Problem statement:
Please, without any pictures, set down exactly the part of the listing below that opens with the line containing "Contudo, acho que" and closes with the line containing "BEST MEGA DEAL✨HERO".
· · · · ·
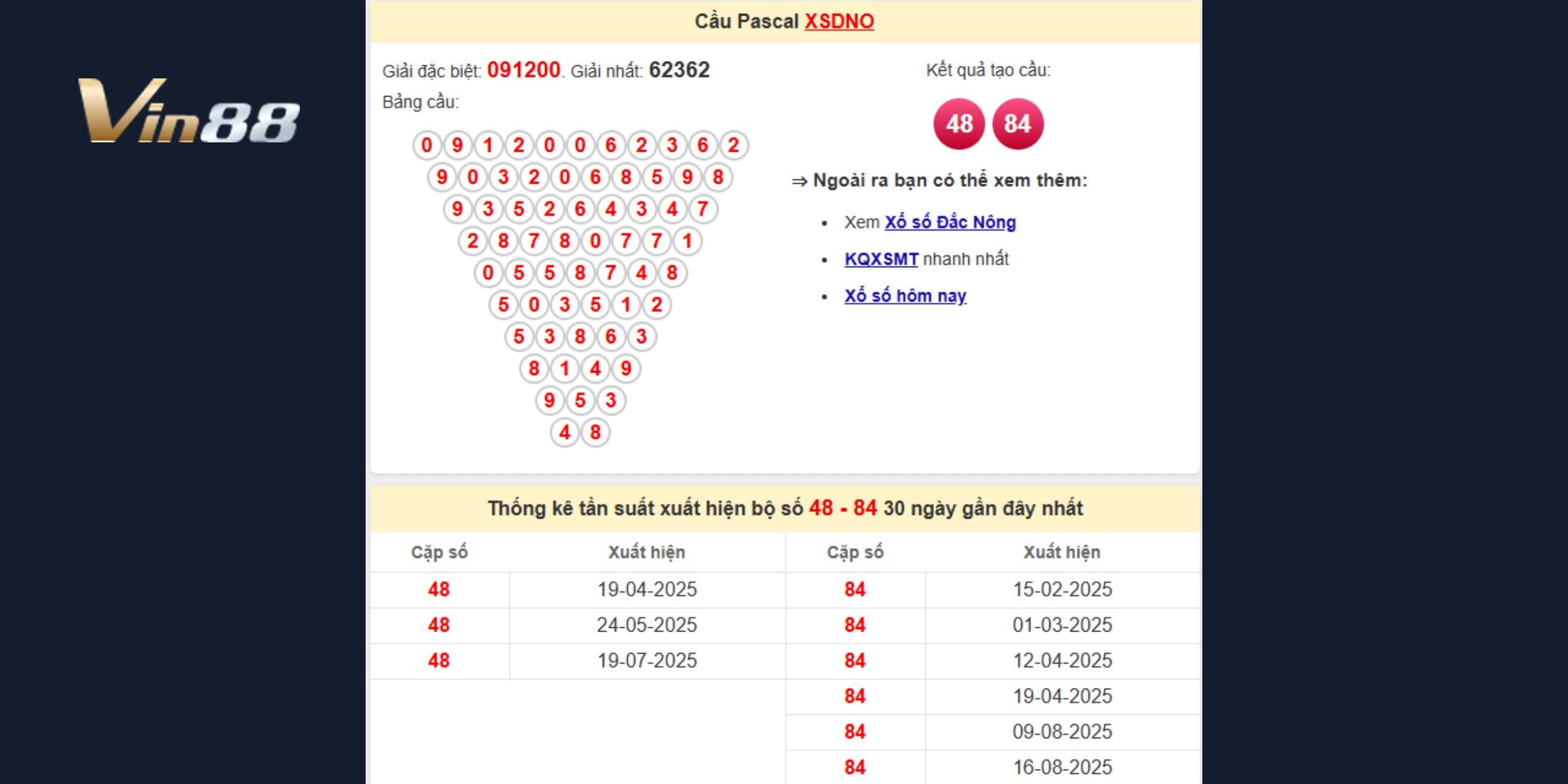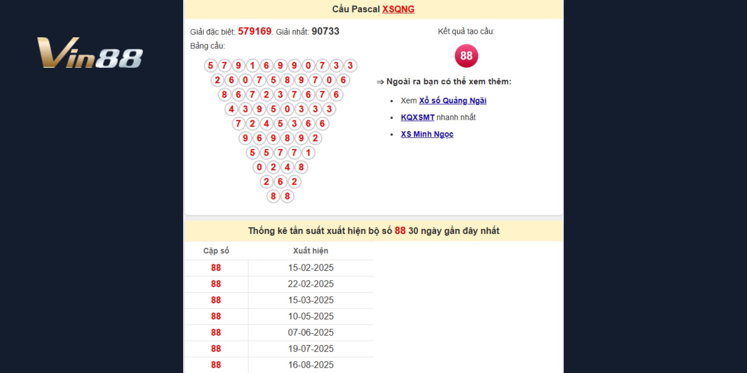 • Với đài Quảng Ngãi, từ giải Đặc Biệt 579169 và giải Nhất 90733, cầu Pascal hình thành số 88, một con số kép mạnh mẽ với độ bền cầu cao. Trong 30 ngày qua, 88 đã về 7 lần gần nhất vào ngày 16/08 và hiện đang gan 3 ngày, thấp hơn nhiều so với ngưỡng cực đại 33. Ngoài 88, các con số đi kèm như 33 và 99 thường tạo cầu tam giác giúp gia tăng độ chắc chắn.
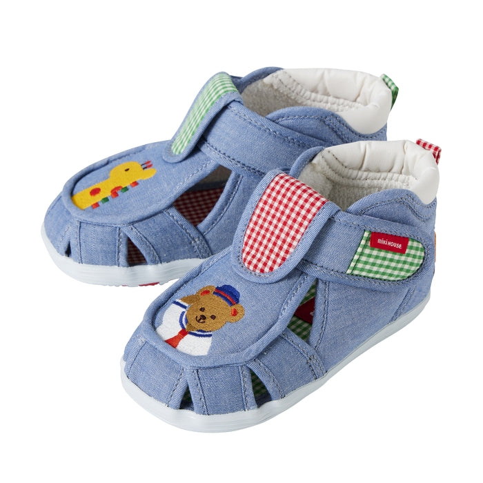 ダンガリー素材が爽やかなクラシックベアシリーズのベビーサンダルです。
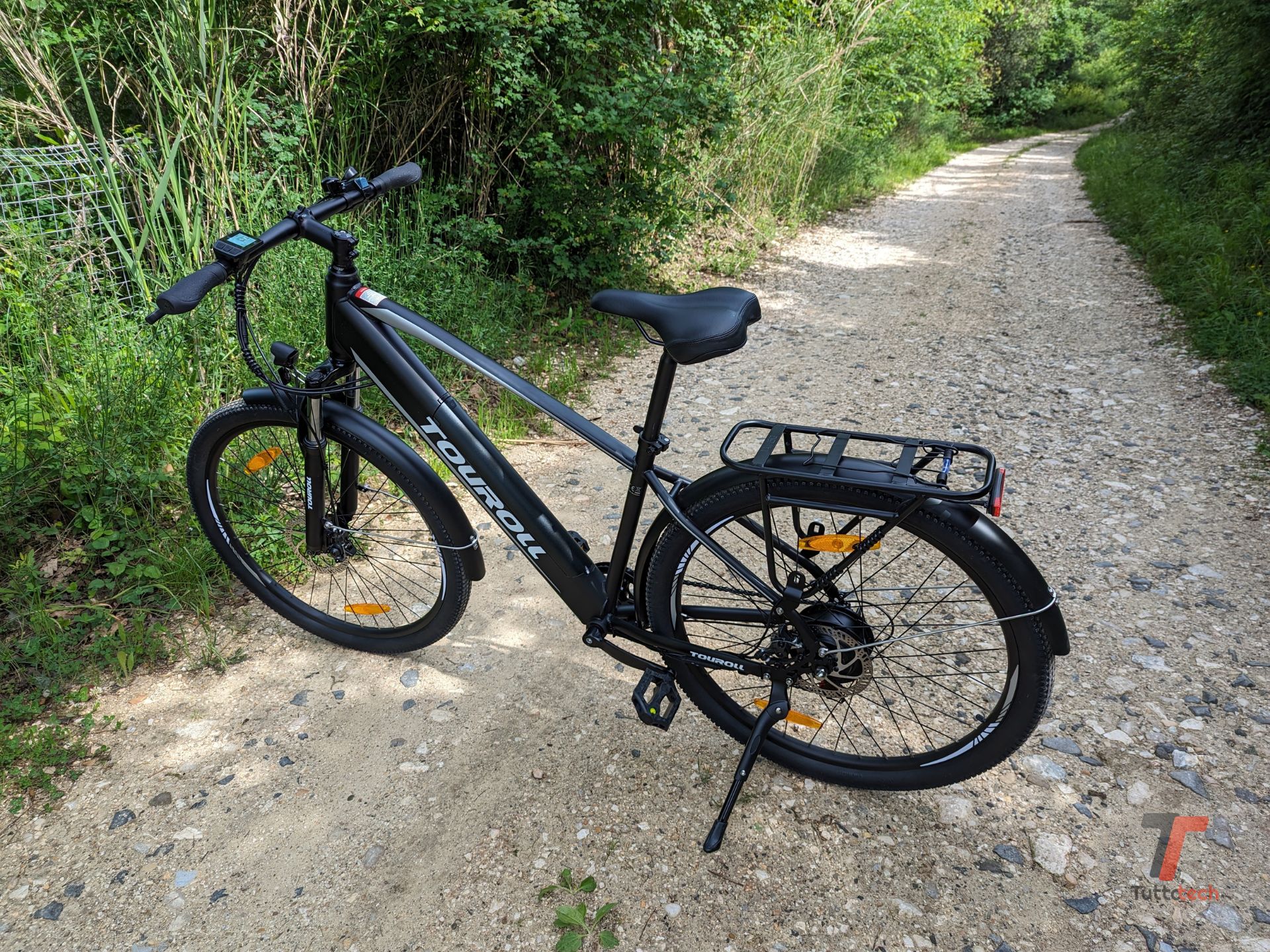 Ne risulta dunque un ibrido che, negli ultimi anni, ha preso molto piede nel settore delle biciclette sia elettriche che tradizionali, le cosiddette bici da trekking, adatte sia alla città che alle gite fuori porta, magari con qualche sterrato leggero o mulattiera, che può affrontare senza grossi problemi anche la Touroll J1 grazie alla gommatura abbastanza abbondante (ricordiamo che 2,1″ fino a qualche anno fa era uno standard fra le MTB nella disciplina del cross country).
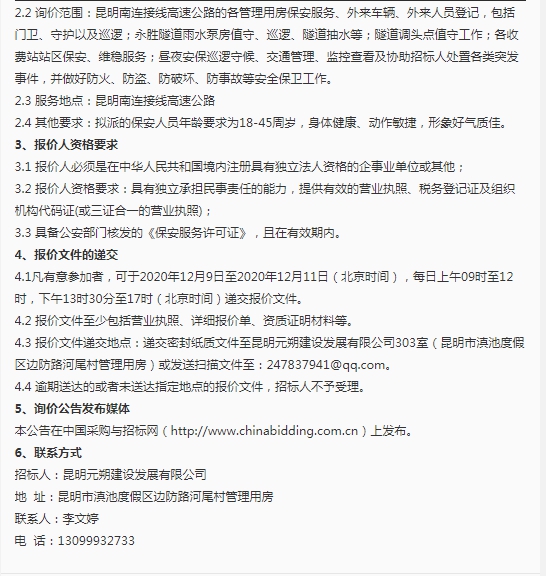 昆明元朔建设发展有限公司保安服务市场询价公告
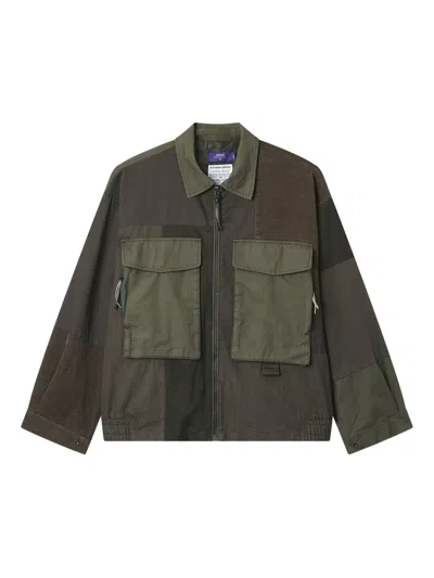 绿色 拼贴设计 两个正面口袋 灯芯绒细节 拉链 弹性松紧边
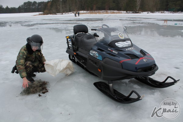 С госинспектором Мядельской межрайонной инспекции охраны животного и растительного мира Владимиром Хило также отправляемся на лед ближе к деревне Чижевичи.
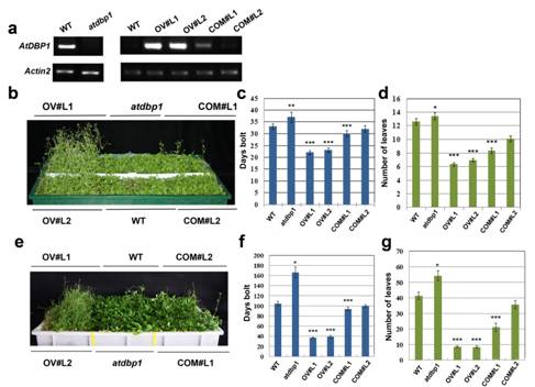 图1. AtDBP1过表达植株与敲除的突变体的开花表型调查
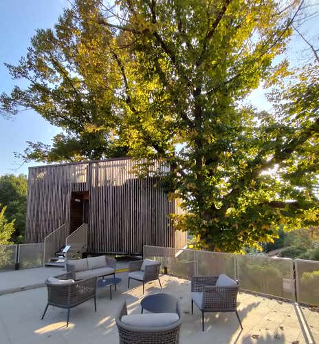 Here, a stone's throw from Lake Garda, you can experience the thrill of a night in a tree house for two. Your suite will be a true suspended nest, with a bathtub, panoramic shower and a terrace perfect for stargazing.
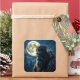 Bigfoot autocollants. Un Sasquatch aux yeux dorés avec une chouette sur son épaule avec un arrière - plan de forêt Pleine lune dans les tons bleus.
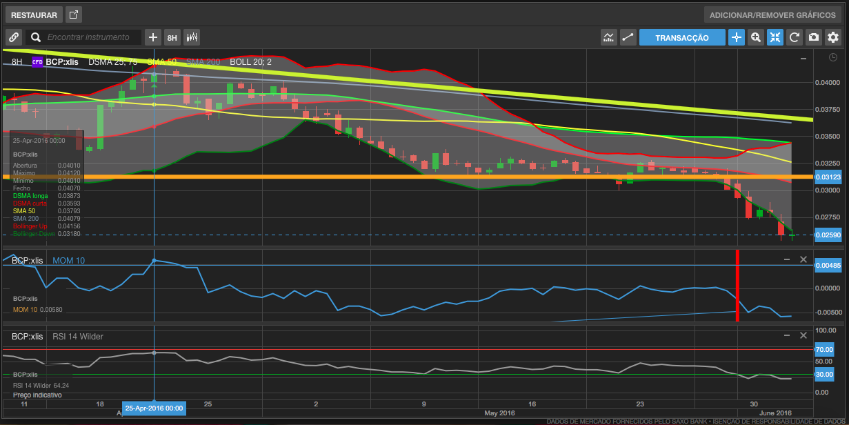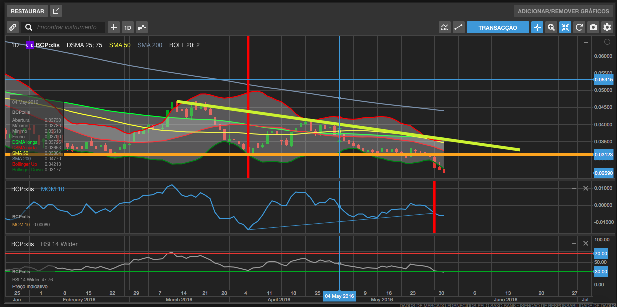 Contudo, acho que vou abrir uma excepção, no Bcp, caso desça ali abaixo dos € 0,025 hoje, talvez faça umas compras em cfds, para um ressalto na próxima semana até aos € 0,0291..... ela não pode descer sempre, ou se calhar até pode, isto se vier aí um novo BANIF no fim-de-semana...
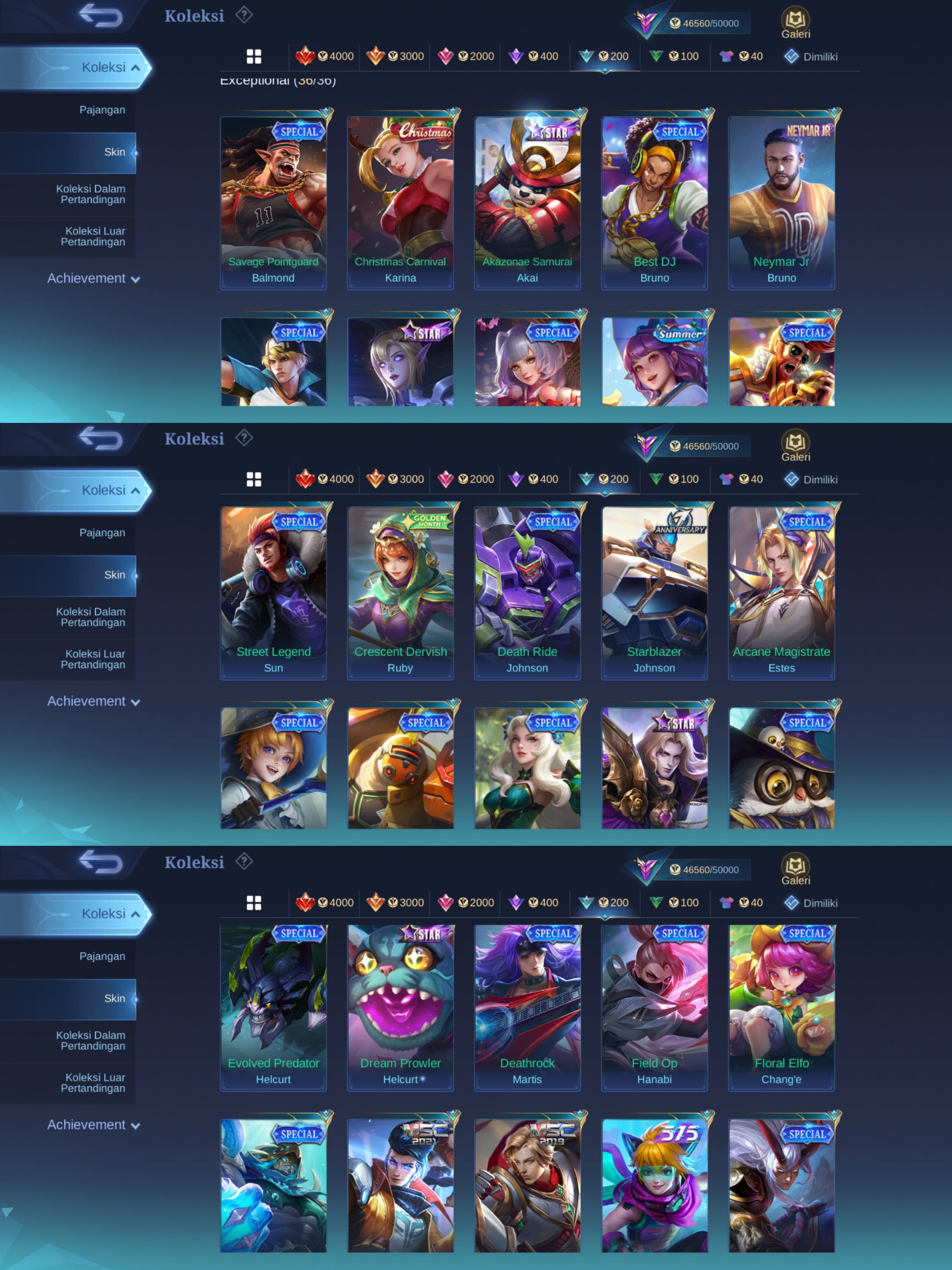 BEST MEGA DEAL✨HERO 116✨SKIN 196✨EMBLEM MAX✨FLORIN SANRIO✨NATALIA CC✨ODETTE MERMAID ✨VALE NARUTO ✨BADANG SEIYA✨3 BLAZING ✨2 DRAGON ✨3 VENOM✨EPIC 14✨STAR 7✨SPECIAL 27 ✨MSC 2✨SAFE ACC✨INSTAN DELIVERY
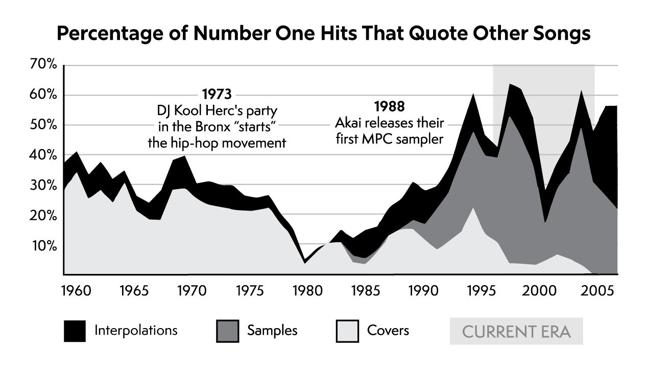 While repurposing existing recordings was an innovative, paradigm-shifting act, in a more abstract sense it fits with the evolution of other genre traditions. From the blues to country to jazz, songs have always been composed by quoting older works. We can see the evolution of these quotations through the number ones in Figure 10.5.
· · · · ·
Written reply:
 Contudo, acho que vou abrir uma excepção, no Bcp, caso desça ali abaixo dos € 0,025 hoje, talvez faça umas compras em cfds, para um ressalto na próxima semana até aos € 0,0291..... ela não pode descer sempre, ou se calhar até pode, isto se vier aí um novo BANIF no fim-de-semana...
 BEST MEGA DEAL✨HERO 116✨SKIN 196✨EMBLEM MAX✨FLORIN SANRIO✨NATALIA CC✨ODETTE MERMAID ✨VALE NARUTO ✨BADANG SEIYA✨3 BLAZING ✨2 DRAGON ✨3 VENOM✨EPIC 14✨STAR 7✨SPECIAL 27 ✨MSC 2✨SAFE ACC✨INSTAN DELIVERY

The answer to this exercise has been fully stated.